CoLaGuard: Robust and Efficient Guardrails with Latent Reasoning
CoLaGuard is a latent reasoning guardrail that reduces the inference cost of explicit reasoning-based moderation while preserving strong safety performance. It uses a stage-wise internalization curriculum to progressively replace natural-language safety rationales with recurrent latent states, and applies Context-Prediction Fusion to stabilize latent recurrence by anchoring hidden-state feedback with predictive information from the vocabulary embedding space. At inference time, CoLaGuard performs a fixed six-step latent recurrence before directly predicting safety labels, avoiding autoregressive rationale generation.
Performance
CoLaGuard matches the average macro-F1 of GuardReasoner while achieving a 12.9× latency reduction and 22.4× token reduction.
Safety Moderation
Prompt Harmfulness Detection (F1 %)
| Model | ToxicChat | HarmBench | OpenAI Mod. | Aegis | WildGuard | Macro Avg | Micro Avg |
|---|---|---|---|---|---|---|---|
| LLaMA Guard 3 (8B) | 53.12 | 98.94 | 79.69 | 99.50 | 68.47 | 79.94 | 67.52 |
| GuardReasoner (8B) | 78.79 | 91.86 | 72.00 | 90.18 | 89.17 | 84.40 | 80.83 |
| CoLaGuard (8B) | 75.26 | 93.54 | 73.45 | 89.45 | 89.44 | 84.23 | 79.77 |
Response Harmfulness Detection (F1 %)
| Model | HarmBench | SafeRLHF | BeaverTails | XSTest | WildGuard | Macro Avg | Micro Avg |
|---|---|---|---|---|---|---|---|
| LLaMA Guard 3 (8B) | 85.07 | 44.36 | 67.84 | 87.67 | 70.80 | 71.15 | 64.97 |
| GuardReasoner (8B) | 85.47 | 70.04 | 87.60 | 94.34 | 78.20 | 83.13 | 81.22 |
| CoLaGuard (8B) | 86.38 | 70.49 | 86.55 | 92.02 | 81.23 | 83.33 | 81.55 |
Efficiency
Inference efficiency is measured on a single NVIDIA H100 80GB GPU.

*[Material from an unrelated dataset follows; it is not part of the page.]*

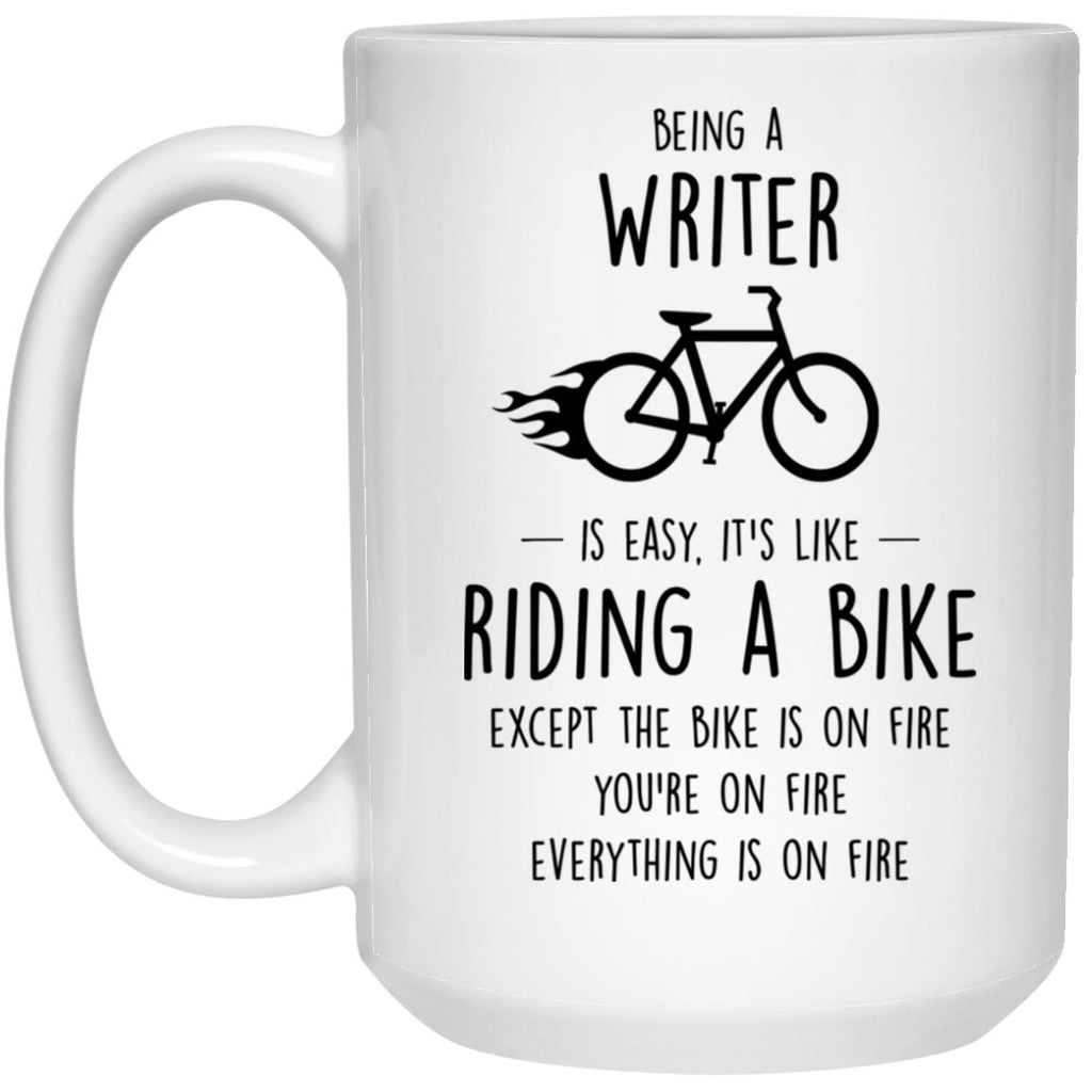 Funny Being A Writer Is Easy It's Like Riding A Bike Except Coffee Cup 15oz White High quality 15oz white gloss ceramic mug Decorated with full wrap dye sublimation Microwave & Dishwasher safe AAA ORCA Coating™...

| GuardReasoner (8B) | CoLaGuard (8B) | |
|---|---|---|
| Time Cost (ms/query) | 4407.8 | 342.0 |
| Token Cost (token/query) | 289.4 | 12.9 |
| EA-F1 | 0.1838 | 2.3601 |
How to Use
import torch
from transformers import AutoTokenizer, AutoModelForCausalLM
model_id = "Saidarth/CoLaGuard-8B"
tokenizer = AutoTokenizer.from_pretrained(model_id, trust_remote_code=True)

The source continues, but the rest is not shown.